The shape of our past
When we turn to history, we tend to plunder it for examples of what has happened here before.
We prefer the past to reassure us, and so we enter into a false exchange with its fragments. We read backwards, hunting for other turning points, earlier crises and the solutions they might offer.
We want the past to offer an answer-bandage we can apply to the present. It's hard for us to read history as an active agent, as a dynamic and even enigmatic story that hindsight cannot pin down.
Here, in 21st-century Calgary, we need to be reminded of how our quietly surrounding past is more complicated than dates or famous names, than those who built the highrises or those who made and lost the most money. The danger of using prosperity as a guidepost is how it overshadows the grassroots stories, those closest to our genesis.
'We assume public art is there for us to notice and appraise, to love or scorn' - Aritha van Herk
We might believe that our character is formed by economics or geology, but there are deeper footings underwriting Calgary, despite our oblivion or our deliberate disregard.
To appreciate Calgary's temperament, to achieve an understanding germane to our quest to become diversified and knowledgeable and self-respecting, we cannot forget how the shape of our past shapes us.
Mapping our magic
Think about Travelling Light, the much-maligned public art lamppost we refer to as the Blue Ring — as well as other choice epithets. Calgarians love to hate it, and we make no bones about our dislike.

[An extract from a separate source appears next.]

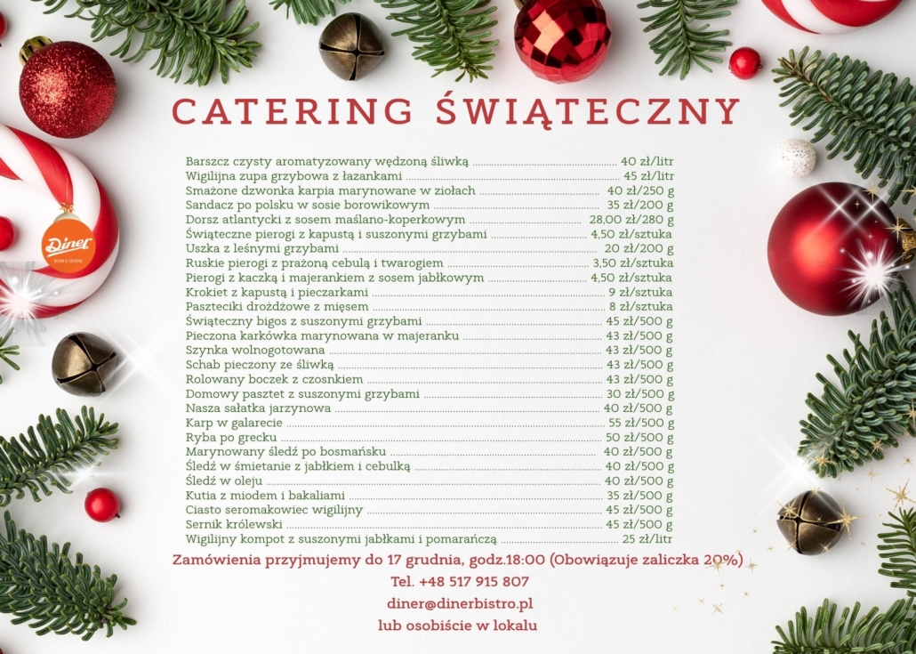 DINER w Olsztynie zaprasza do skorzystania z oferty bożonarodzeniowego cateringu, obejmującej domowe potrawy przygotowane z najwyższej jakości składników.

We assume public art is there for us to notice and appraise, to love or scorn. We overlook the possibility that landscape and art, physical and psychic space in tandem with artistic creation, influence one another. We give magic to magical places, even if we cannot quite map how the transposition happens.
So, think of Travelling Light.
Few know the blue ring's enlarged shadow is visible from outer space. It acts as an inadvertent sundial, and indicates the conjunction of two great glaciers: the Cordilleran ice sheet and the Continental ice sheet, their glacial outwash channels revisiting us in the flood of 2013.
The blue of the ring is the blue of our glacial dreaming, the blue of our yearning, the blue of our cerulean skies, the almost-blue of our current dejection.
We live in a landscape forged by runoff from glaciation, the Bow and Elbow river valleys glacial outwash channels.
West Nose Creek, which threads its way through our wide northwest valley, was created by the same ice and melt water pushing its way across the prairies and dropping off along the way a few erratic rocks, like the Split Rock in Nose Creek Park.
And hovering over Nose Creek Valley? Travelling Light.
So what, you say? A valley with an erratic doesn't evoke a hula-hoop masquerading as a light post.
But there are places in the world that we remember and that anticipate our remembering.
We humans seek and find meaning in certain physical locations, ground evoking a spirit greater than ordinary. There we connect with the earth's geological eons and we add to its mysteries with our own creations, markers and symbols.
This place, we intuit, holds magic, and so we pay homage. Travelling Light.
We have forgotten that bison grazed the coulees and slopes of Nose Hill and Nose Creek, the main resource for the humans who lived here.
The food, clothing and weapons those animals provided made the fiercely independent and mobile people of the plains rich, an early boom.
Archeological evidence of their sojourns in Nose Creek valley illustrates their civilization.
Above that valley, the blue ring traces the tepee rings that were the first human habitations in this area.
A symbolic circle
When HBC employee Peter Fidler visited Nose Hill with Piikani hosts in December 1779, his journal entry records the temperature at a balmy 14 C (pay attention, Leo!). The blue ring is a sign of the rollicking Chinook wind, the rushing air currents of our snow eater.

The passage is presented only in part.